## Collected material
• • •

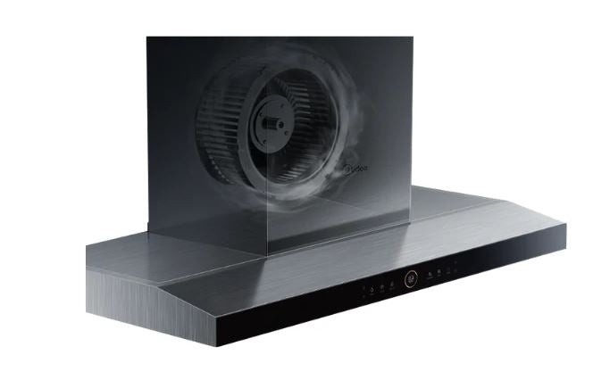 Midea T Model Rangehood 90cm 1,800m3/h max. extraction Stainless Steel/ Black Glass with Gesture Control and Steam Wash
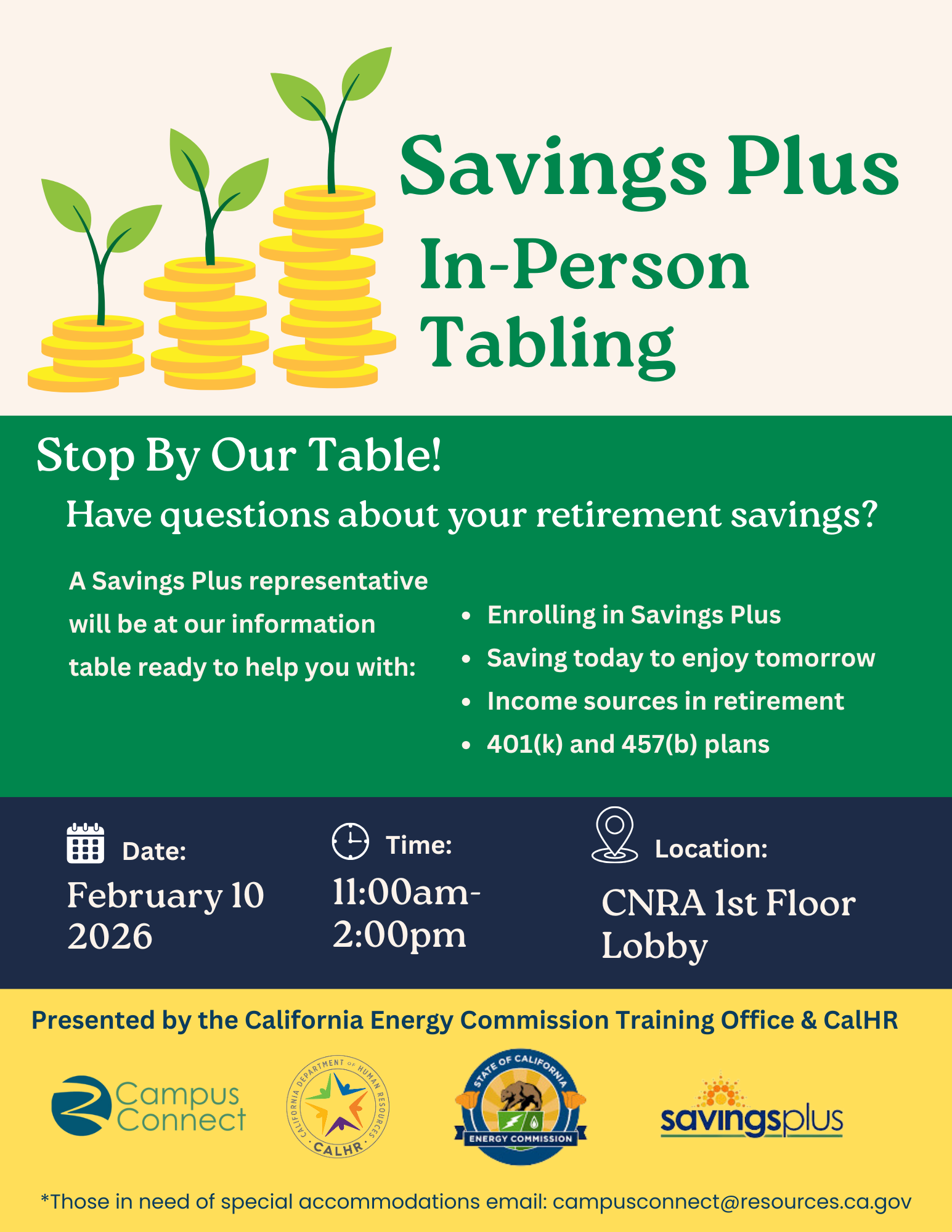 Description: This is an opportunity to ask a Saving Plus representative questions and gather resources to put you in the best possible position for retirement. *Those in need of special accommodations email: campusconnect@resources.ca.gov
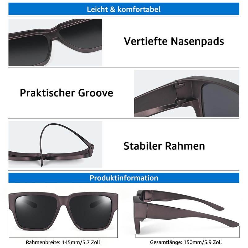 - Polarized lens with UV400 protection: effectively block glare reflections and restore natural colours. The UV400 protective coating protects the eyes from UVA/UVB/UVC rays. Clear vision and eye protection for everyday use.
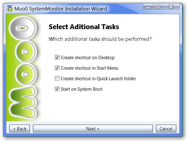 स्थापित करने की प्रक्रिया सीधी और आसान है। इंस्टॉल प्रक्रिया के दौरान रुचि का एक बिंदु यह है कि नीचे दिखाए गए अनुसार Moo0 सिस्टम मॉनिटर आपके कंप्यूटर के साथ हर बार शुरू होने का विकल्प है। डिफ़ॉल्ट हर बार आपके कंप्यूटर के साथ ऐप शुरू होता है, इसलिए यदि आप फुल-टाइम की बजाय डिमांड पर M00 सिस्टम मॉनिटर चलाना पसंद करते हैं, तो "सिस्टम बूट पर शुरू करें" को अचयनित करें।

• • •

## Your instructions
From the line with "Description: This is" to the last line above, restate each line word for word, but skip the pictures.

## Exercise answer
 Description: This is an opportunity to ask a Saving Plus representative questions and gather resources to put you in the best possible position for retirement. *Those in need of special accommodations email: campusconnect@resources.ca.gov
 - Polarized lens with UV400 protection: effectively block glare reflections and restore natural colours. The UV400 protective coating protects the eyes from UVA/UVB/UVC rays. Clear vision and eye protection for everyday use.
 स्थापित करने की प्रक्रिया सीधी और आसान है। इंस्टॉल प्रक्रिया के दौरान रुचि का एक बिंदु यह है कि नीचे दिखाए गए अनुसार Moo0 सिस्टम मॉनिटर आपके कंप्यूटर के साथ हर बार शुरू होने का विकल्प है। डिफ़ॉल्ट हर बार आपके कंप्यूटर के साथ ऐप शुरू होता है, इसलिए यदि आप फुल-टाइम की बजाय डिमांड पर M00 सिस्टम मॉनिटर चलाना पसंद करते हैं, तो "सिस्टम बूट पर शुरू करें" को अचयनित करें।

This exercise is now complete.